Your folder structure should look something like this now:

├── lego-project
│    ├── venv_lego
│      ├── bin
│      ├── include
│      ├── lib
│      └── pyvenv.cfg
│    ├── lego-restock-bot
       ├── README.md
       ├── lego
       │   ├── __init__.py
       │   ├── database.py
       │   ├── evaluate_availability.py
       │   ├── items.py
       │   ├── middlewares.py
       │   ├── pipelines.py
       │   ├── settings.py
       │   ├── spiders
       │   └── telegram_message.py
       ├── requirements.txt
       ├── scrapy.cfg
       ├── test.py
       └── update_availability.sh

Crawl Lego Products using a Scrapy Spider

Setup the first Spider

In the first step we want to find as many Lego products as possible from the Lego shop page and store them. For that purpose a new Scrapy spider is put in a new file called lego/spiders/product_spider.py.

A spider is a class that defines how a site is scraped. It parses responses and extracts data using CSS selections or XPath expressions. Out of the extracted data items are populated. It's also possible to extract links from the response and yield additional requests to follow. (https://docs.scrapy.org/en/latest/topics/spiders.html).

In product_spider.py a new class LegoProductSpider is created that inherits from scrapy.Spider:

class LegoProductSpider(scrapy.Spider):
    """A scrapy spider to search for Lego products in the Lego shop page"""

    name = "products"
    custom_settings = {
        "ITEM_PIPELINES": {
            "lego.pipelines.DuplicatesPipeline": 200,
            "lego.pipelines.LegoPipeline": 300,
        }
    }

    def __init__(self, name=None, **kwargs):
        super().__init__(name=name, **kwargs)
        self.link_extractor = LinkExtractor(
            allow=[r".*lego\.com/de-de.*"],
            deny=[r".*lego\.com(.*)(\.\w{1,3})$", r".*@lego\.com.*"],
        )

    def start_requests(self):
        urls = ["https://www.lego.com/de-de/themes"]
        for url in urls:
            yield scrapy.Request(url=url, callback=self.parse)
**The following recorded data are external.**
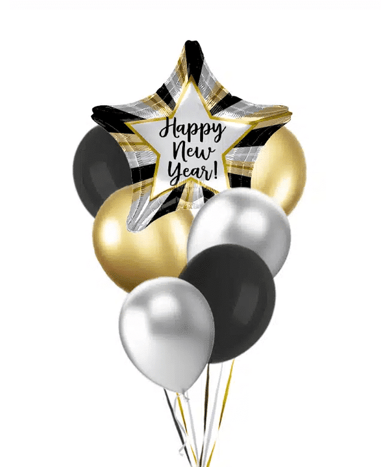 Happy New Year Bundle! is a balloon bundle, including a set of 6 round balloons and an 18 inch foil balloon. All are helium filled.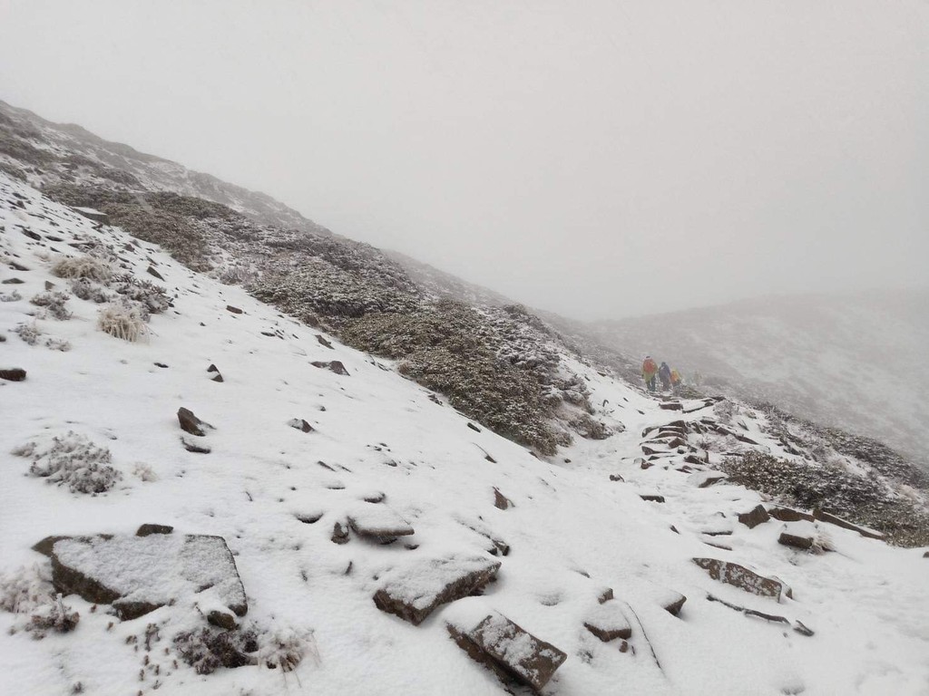 【16:20】更新:氣象局表示,玉山12時10分到13時40分,一度出現降雨夾雪狀況,雨量2.5 mm、積雪0公分。現在玉山沒有降雪也沒有下雨,能見度100公尺。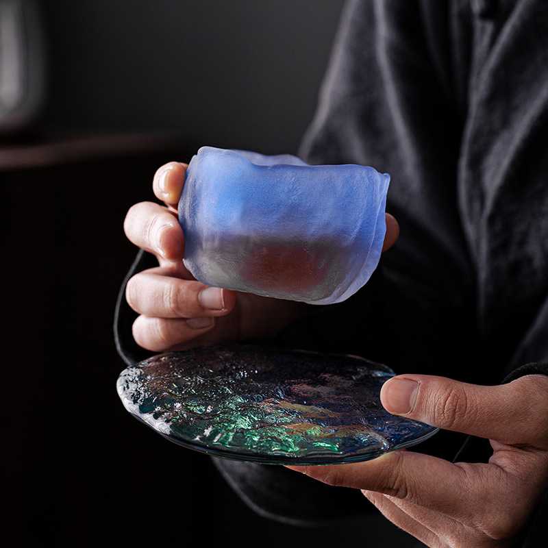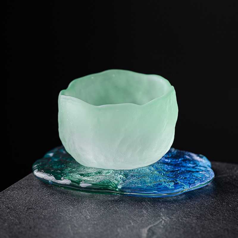 日式冰川蓝绿国潮风小茶杯清酒杯琉璃杯女主人茶杯品茗杯手冰冻烧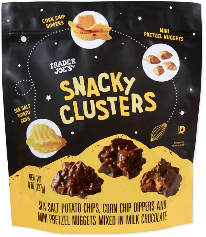 Trader Joe 推出一款由甜味和咸味成分组成的零食Snacky Clusters,产品由海盐土豆片、咸味玉米片和椒盐味薯片等咸味元素组成,每一片产品的表面覆盖一层浓郁的牛奶巧克力,旨在为消费者提供独特的风味体验。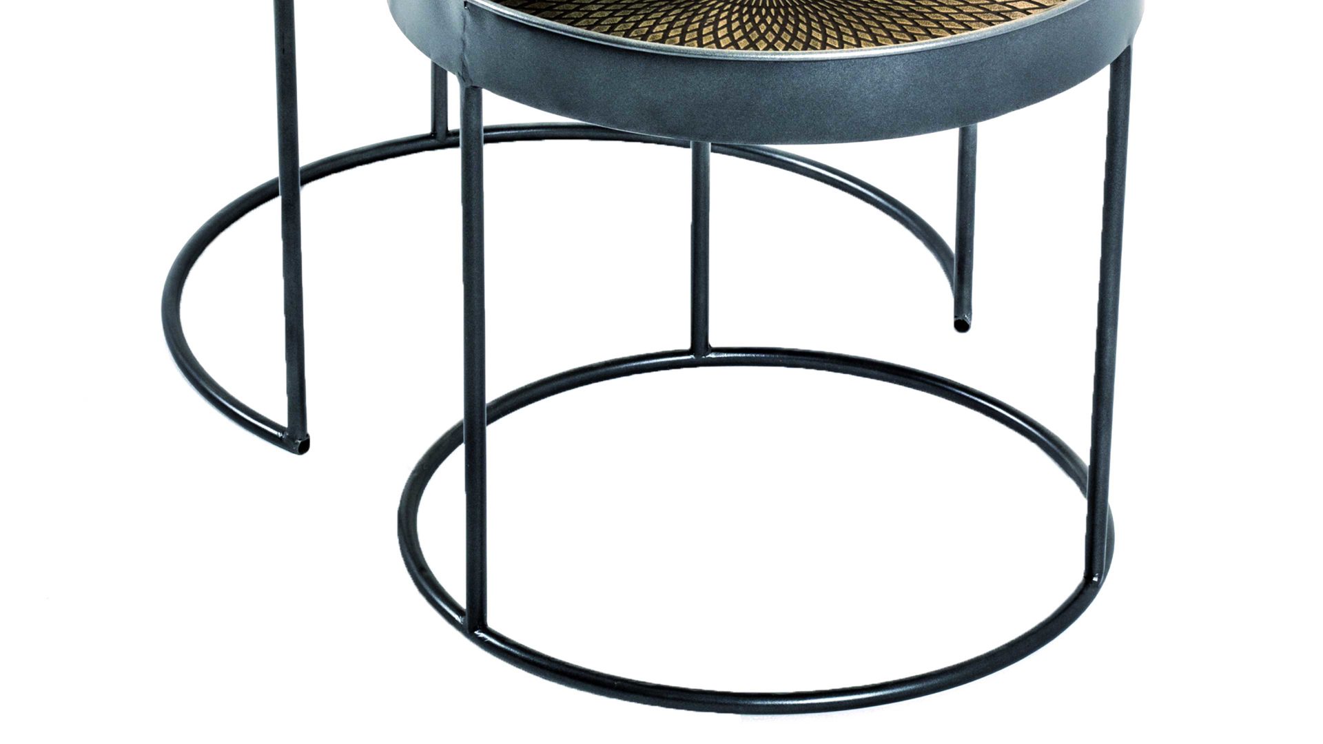 Beide Tischchen verbinden ein puristisch schwarz lackiertes Metallgestell mit einer schwarz-kupferfarben gewischten Metallablage. Sie präsentieren sich modern und elegant - mit dem gewissen Etwas durch das Muster auf den Tischplatten. Dank der hochwertigen Materialien sind die Beistelltische sehr robust, widerstandsfähig und langlebig. Zudem begeistern die pflegeleichten Oberflächen.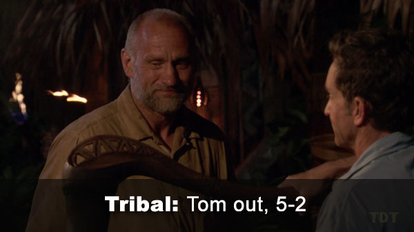 - Tom received 5 votes, from Aaron, Elaine, Elizabeth, Karishma, Missy, and Tom (voted out, 6-2).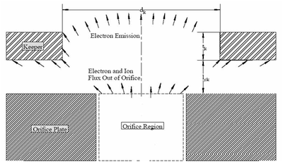 In addition, the geometry affects the emission of the plasma from the HC as seen in the below figure. Here it can be seen that, depending on the diameter and thickness of the keeper and the distance of it with respect to the orifice, the total emission percentage can be affected.[55]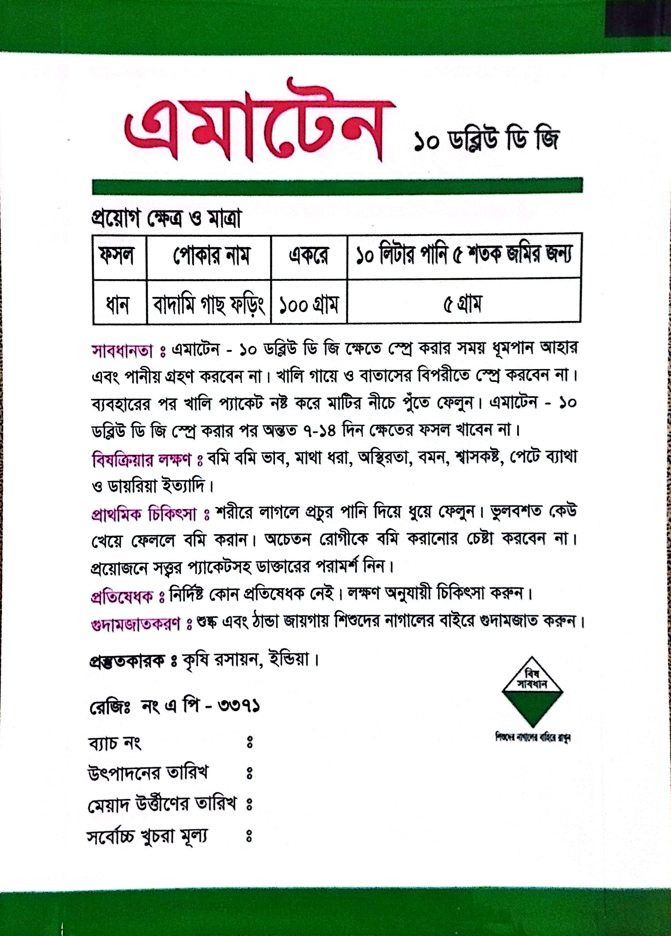 ১০ লিটার পানিতে ০৫ শতক জমির জন্য এমাটেন-১০ ডব্লিউ ডি জি ০৫ গ্রাম ভাল ভাবে মিশিয়ে স্প্রে করতে হবে।
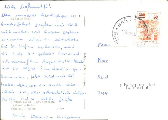 old postcard Sveti Stefan postalisch gelaufen Erhaltung siehe scans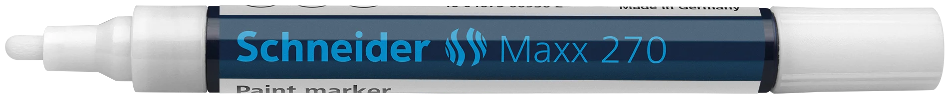 Marqueur peinture avec pointe ogive pour épaisseur de trait environ 1-3 mm. Couleur d'encre blanche. Idéal pour marquer et décorer des surfaces rugueuses et lisses, comme par ex. papier, plastique, verre, métal, céramique, etc. Fort pouvoir couvrant, forte adhérence et résistance à l´abrasion sur presque tous les matériaux. L'encre est résistante à la lumière, à l´eau et au temps, résistante à la chaleur jusqu´à 300° C et résistante à la corrosion et au lavage. Le débit d´encre est modulé par valve, sans toluène et xylène. Chaque marqueur est soudé sous film, pointe interchangeable.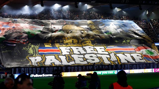 ورفعت جماهير باريس سان جيرمان لافتة كُتب عليها "فلسطين حرة"، ويظهر عليها خريطة فلسطين وعلم لبنان بالجوار.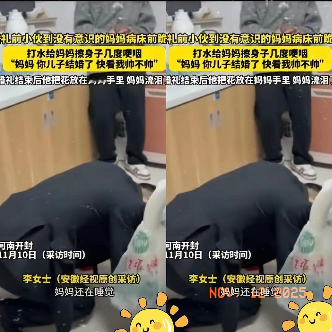泪目! 河南开封这场婚礼太戳心, 新婚夜新郎竟带新娘直奔医院! 不是去度蜜月,而是跪在昏迷母亲病床前恭恭敬敬三拜,要让妈“见证”自己成家。新娘没有抱怨,反而握着婆婆冰凉的手轻声安抚,一句“你在哪、妈在哪”暖哭众人。 比起满是功利的排场,这种共担风雨的真情才是婚姻的真谛!这样的特殊婚礼,是不是比豪华仪式更有意义?评论区说说~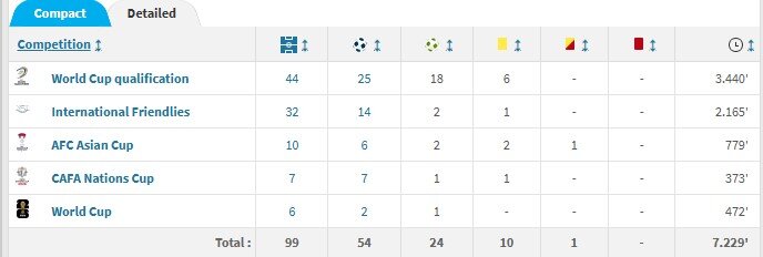 آمار تارنمای «ترانسفرمارکت» نشان می‌دهد که طارمی ۹۹ بازی ملی انجام داده است.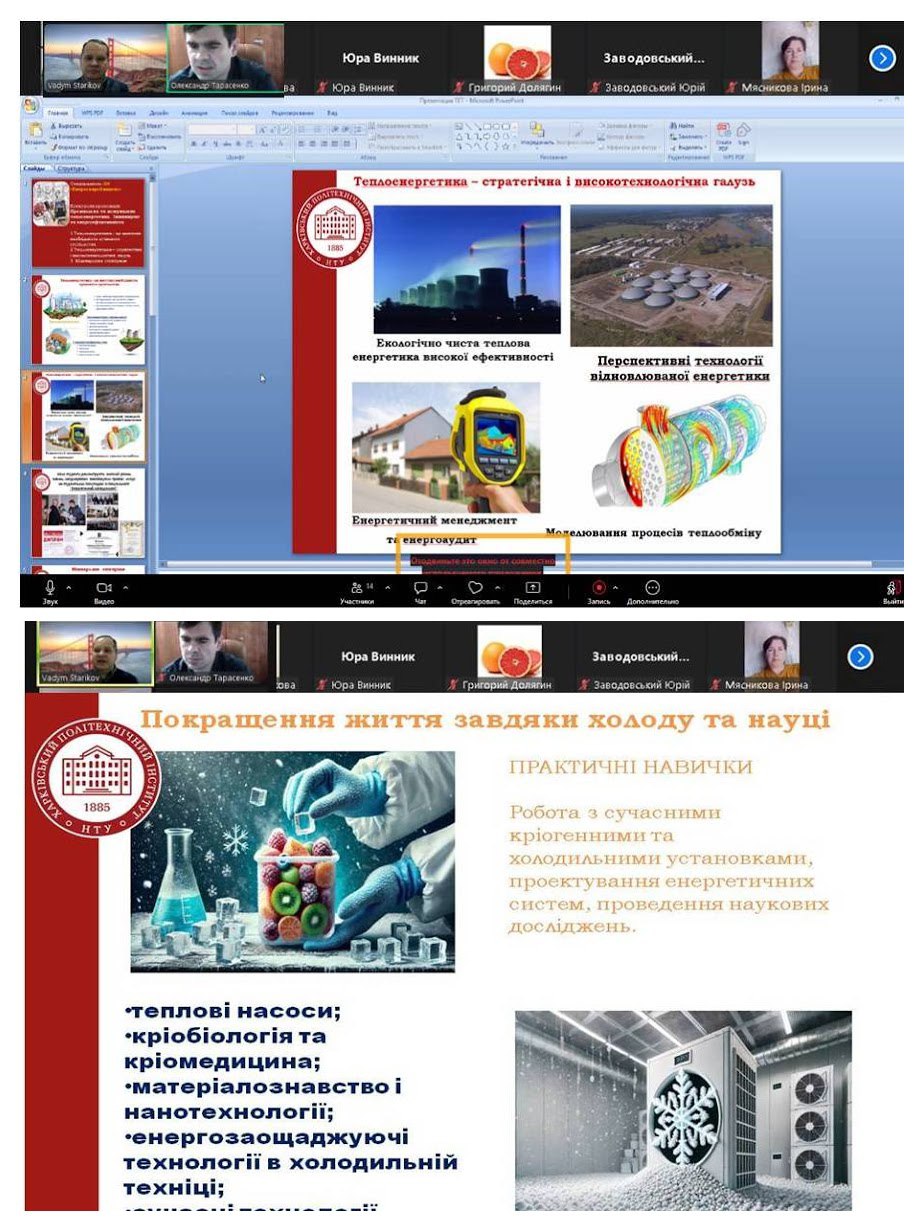 У доступній та цікавій формі учасникам було представлено особливості спеціальності, перспективи навчання та подальшого працевлаштування, а також актуальність професії теплоенергетика в умовах сучасних викликів енергетичної галузі. Під час зустрічі школярі ознайомилися з напрямами діяльності кафедри, освітніми можливостями, сучасними технологіями у сфері теплотехніки та енергоефективності.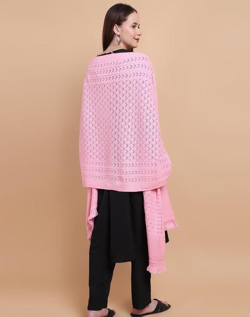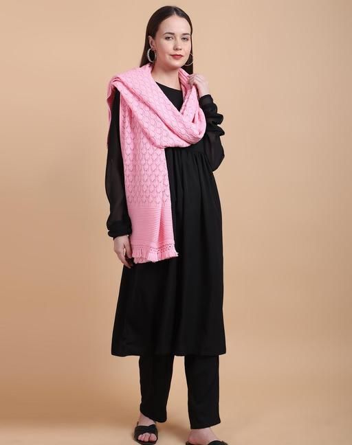 Name: Vesture Women's Winter Stole - Plain Self-Design, Luxurious Knitted Fabric, 28x80 Inch with Tassels (Pink) Fabric: Wool Border: Embellished Print Or Pattern Type: Dyed/ Washed Surface Styling: Brocade Net Quantity (N): 1 Elevate your winter wardrobe with the Vesture Winter Plain Self-Design Knitted Women's Stole. This exquisite accessory, boasting dimensions of 28 inches by 80 inches, is the perfect blend of warmth and elegance. Available in a stunning array of 25+ colors, you can effortlessly find the shade that suits your style. Crafted with meticulous attention to detail, this stole features a subtle self-design knitted pattern, adding a touch of sophistication to its cozy warmth. The stole is adorned with 2-inch tassels at both shorter ends, enhancing its overall elegance. Wrap yourself in the soft embrace of high-quality knitted fabric that feels luxurious against your skin. The stole offers generous dimensions, providing ample coverage and allowing for versatile styling options. Whether you're dressing up for a formal occasion or adding a touch of elegance to your everyday look, this stole is the ideal choice. Experience the perfect blend of fashion and function with the Vesture Winter Plain Self-Design Knitted Women's Stole. Stay snug, stylish, and warm all winter long with this essential accessory that exudes timeless charm. Country of Origin: India

    def parse(self, response: scrapy.http.Response, **kwargs):
        page = response.url
        self.log(page)
        if "de-de/product" in page:
            if response.css(".eqJexe .hlipzx::text").get():
                self.log("############# Found product page: " + page + " #############")

                if not "Altes Produkt" in response.css(".ejRirH .hlipzx::text").get():
                    loader = ItemLoader(item=LegoItem(), response=response)
                    loader.add_css("name", ".eqJexe .hlipzx::text")
                    loader.add_css("price", ".eGdbAY::text")
                    loader.add_css(
                        "product_id",
                        ".ProductDetailsstyles__ProductID-sc-16lgx7x-10.bIKuiP::text",
                    )
                    loader.add_css("availability", ".ejRirH .hlipzx::text")
                    loader.add_value("url", response.url)
                    yield loader.load_item()

        for next_page in self.link_extractor.extract_links(response):
            yield response.follow(next_page, self.parse)

The name of the spider can be simply set as a class variable. It can be used later to run the spider.

In the start_requests method, you can define the starting URLs and yield a scrapy Request for every start URL. In this case, we only start with https://www.lego.com/de-de/themes, which is the shop's product categories page. It's a good starting point because it will lead directly to all the different products. However, you could also use the homepage or additional urls.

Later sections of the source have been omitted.